At first this article reads like your typical anti-piracy screed. It rants about how 10x more people watched GoT illegally (confusing them with lost sales) and ends with how downloading movies can get your credit card stolen.
The middle of the article however, destroys the author’s case.
Time Warner (owning company of HBO) CEO Alan Bewkes stated in 2013 how becoming the most illegally streamed show in history was “better than an Emmy” and that torrenting ultimately led to more paid subscriptions.
“We’ve been dealing with this for 20, 30 years—people sharing subs, running wires down the backs of apartment buildings. Our experience is that it leads to more paying subs. I think you’re right that Game of Thrones is the most pirated show in the world and that’s better than an Emmy.”
The CEO of Time Warner, who knows more about the finances of his own show than ForeverGeek writer Tom Llewellyn, championed piracy and said that it brought them more subscribers rather than nearly destroying the show as the article claims.
Needless to say, Tom forwent a rebuttal in favor of writing how you can get malware from downloading it…
Anti-Piracy Propaganda: 0 Truth: 1
Instead it was destroyed by two greedy fucks rushing the ending two seasons early so they could move on to their next cash grab flop!
luckily the showrunners were around to finish the job
get your credit card stolen.
Let’s see… I don’t provide my credit card to anyone when pirating. The only way they are getting my credit card is breaking into my house. (no, mkv files can’t have viruses).
But I do need to provide my credit card info to HBO, which they store, on their likely poorly secured servers.
The number of credit cards stones from data leaks very likely exceeds the number of them stolen because someone got duped when trying to pirate.

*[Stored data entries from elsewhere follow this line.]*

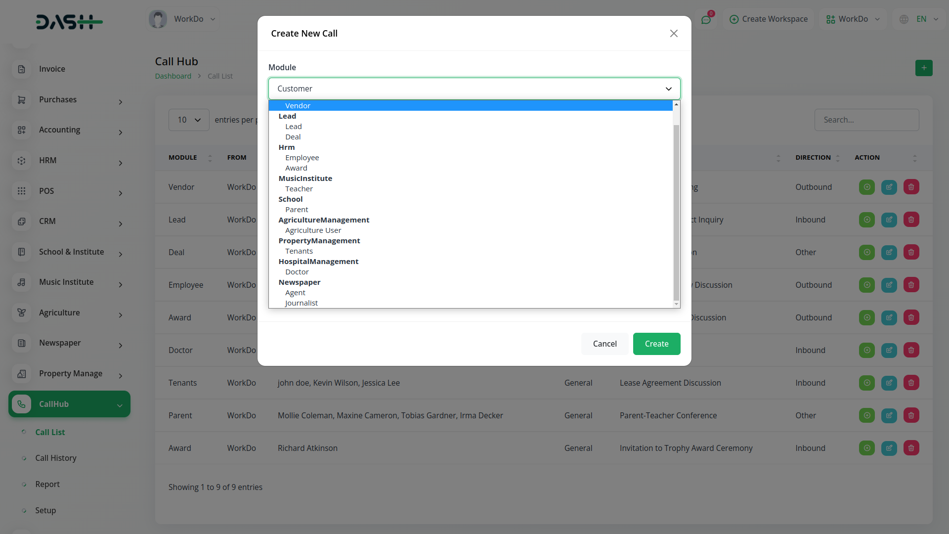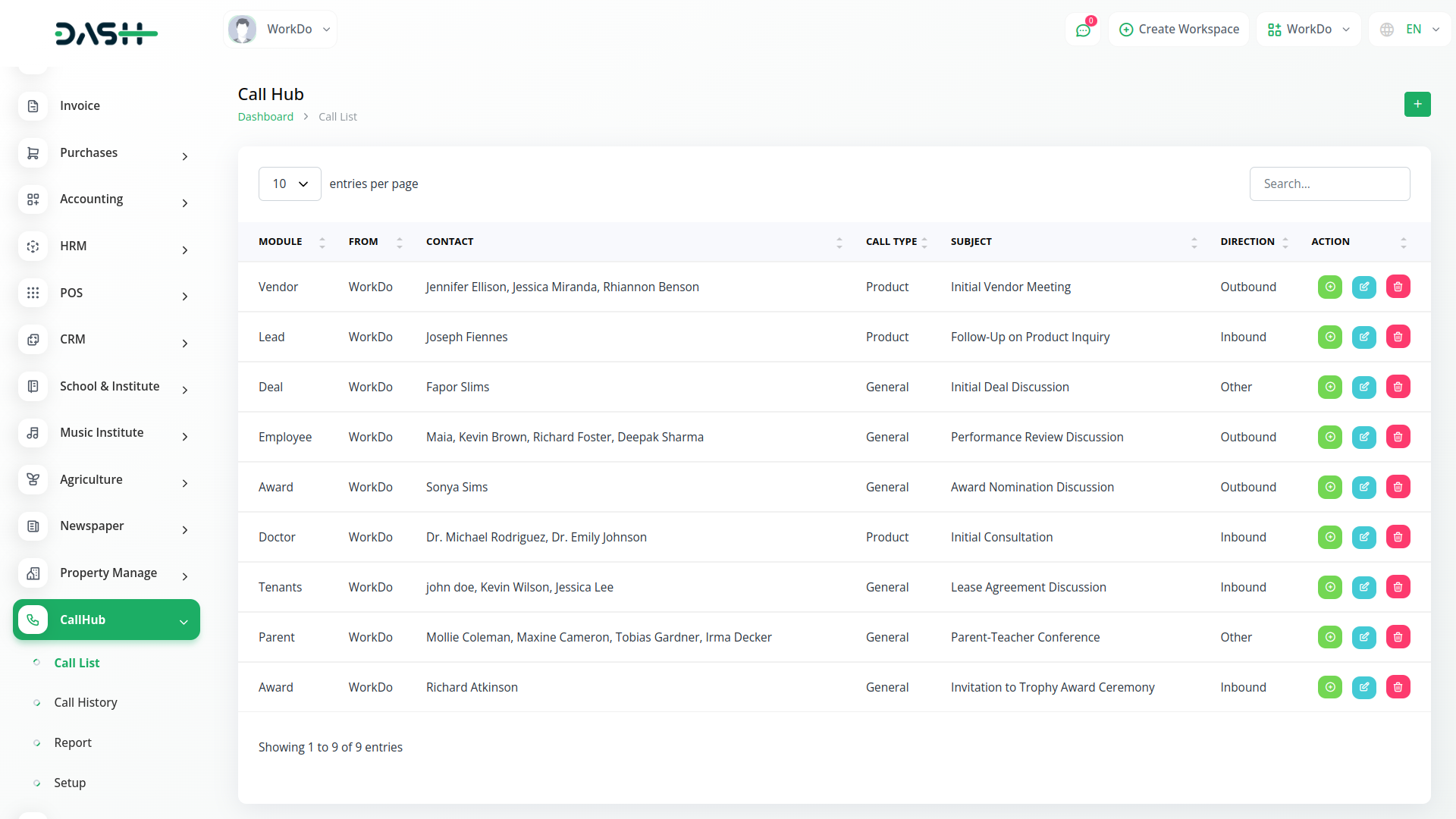 The Call Hub module is a powerful tool designed to streamline communication and enhance tracking for businesses. This module offers a range of functionalities to help companies manage their interactions with employees, customers, and clients effectively.
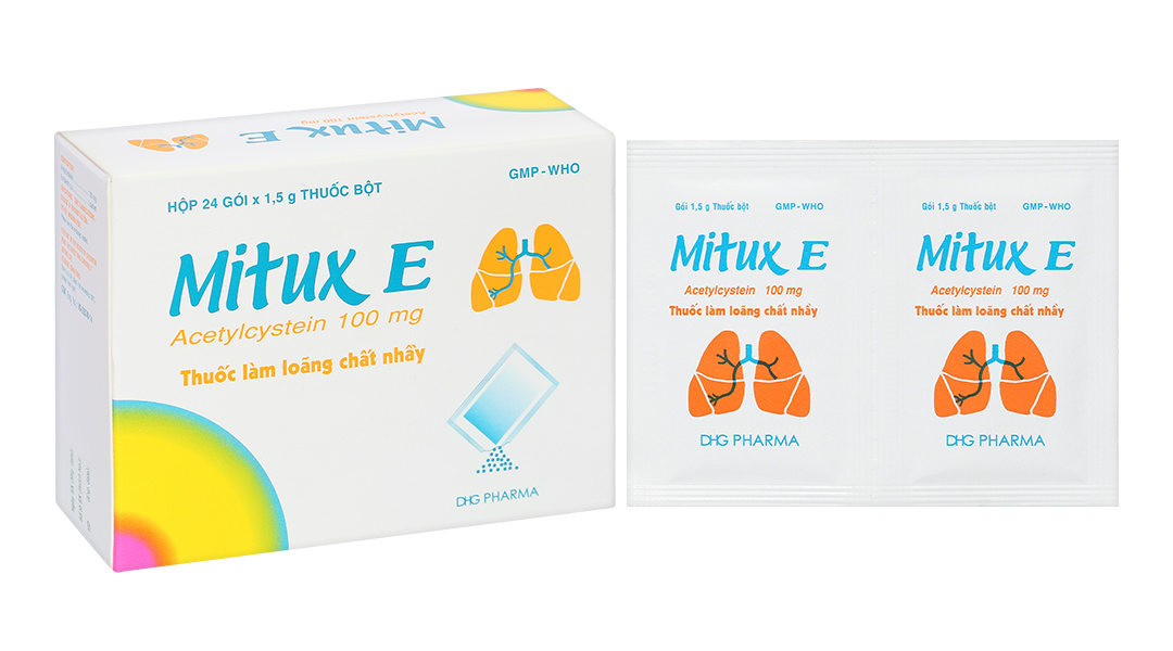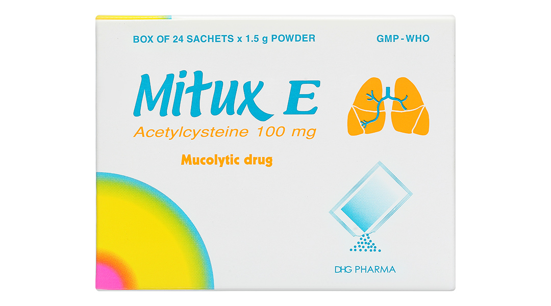 Thuốc bột Mitux E 100mg làm tiêu nhầy, loãng đờm (24 gói x 1.5g)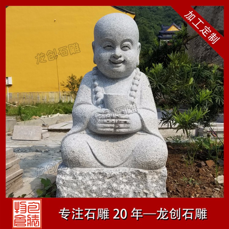 石雕小沙彌是從小就進(jìn)入寺院修煉佛法的孩子,俗稱小和尚。小和尚憨態(tài)可愛,在修習(xí)佛法的日常生活中,無憂無慮、懵懂、趣味的生活形態(tài)被人們以石雕的形式記錄下來,讓人們感受到小孩子的無邪與活潑。我們龍創(chuàng)石雕雕刻出來的石雕小沙彌可愛呆萌的形象而逗人一笑。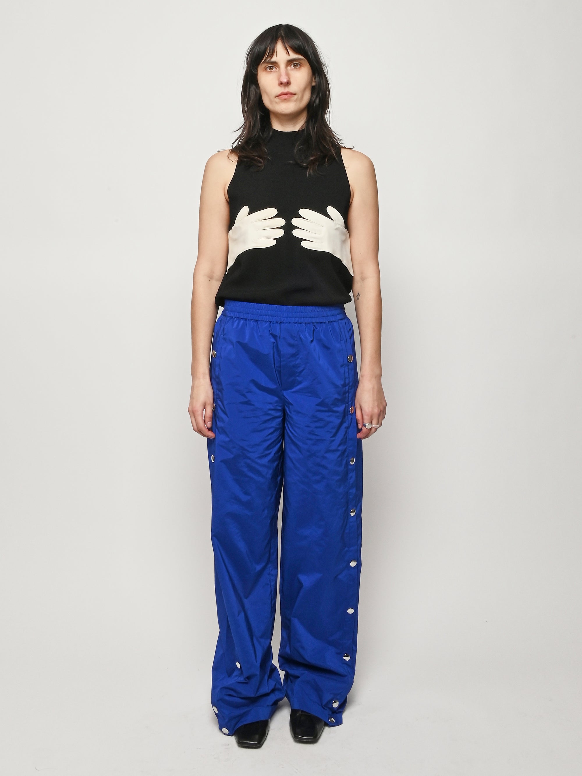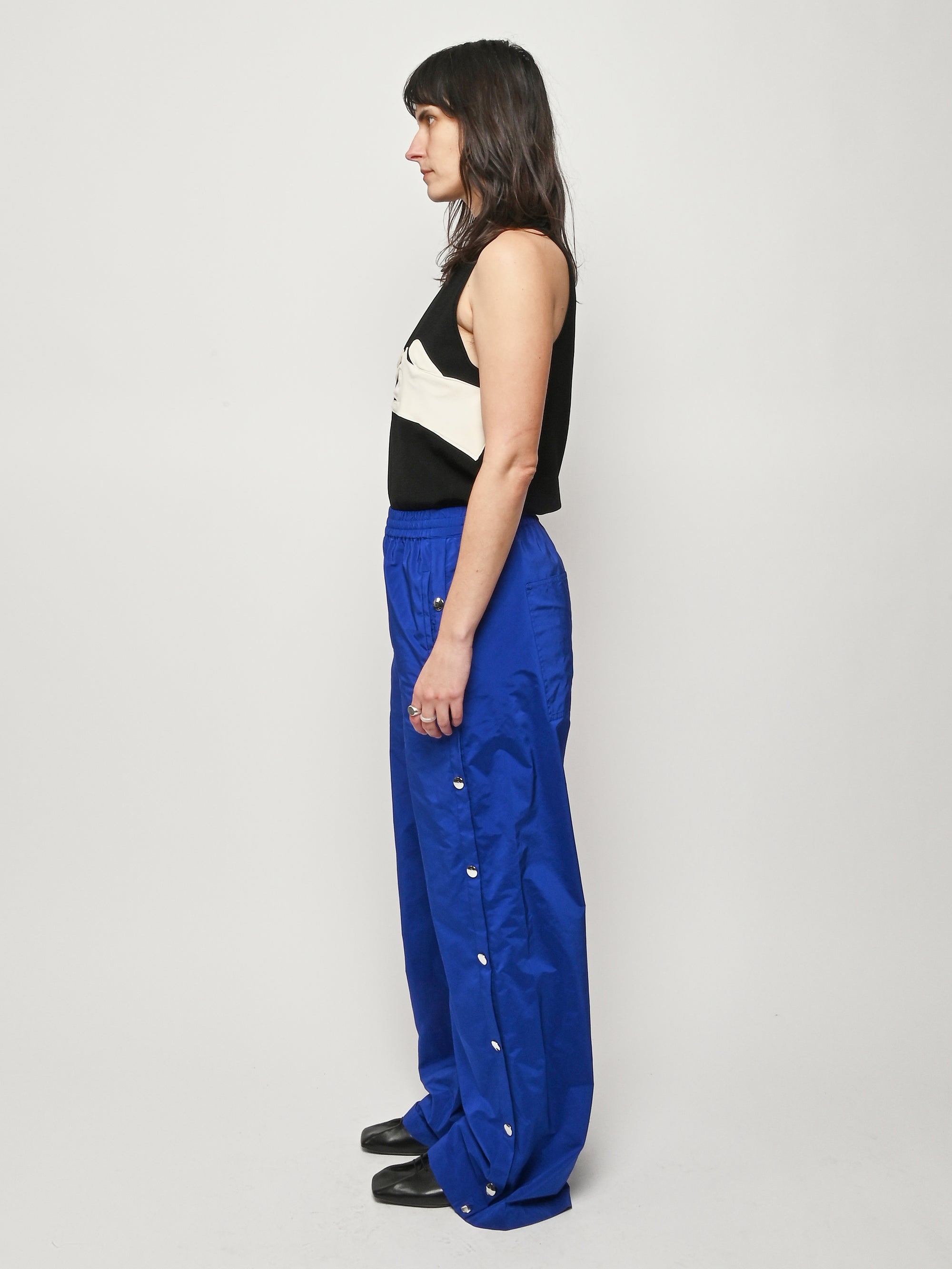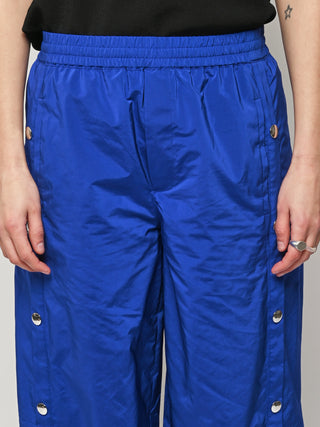 Designed with a pull-on waistband, adjustable drawstrings, side pockets, and oversized functional snaps along the legs, this jogger by Tibi is ackable and wrinkle-resistant, and features side pockets and silver-tone snaps on the sides.

Zero sympathy. If they wanted to reduce the amount of illegal streamers, all they’ve got to do is make their content more accessible.
Release it on multiple streaming platforms, not just their own. Ensure its released globally at the same time. And get rid of the geo-blocking.
The lack of reasonable legal alternatives is what drives piracy.
HBO has repeated this policy for decades. Shared passwords and piracy drive long term retention. If your company is thinking long term, all that matters is raw content quality, which HBO has always dominated.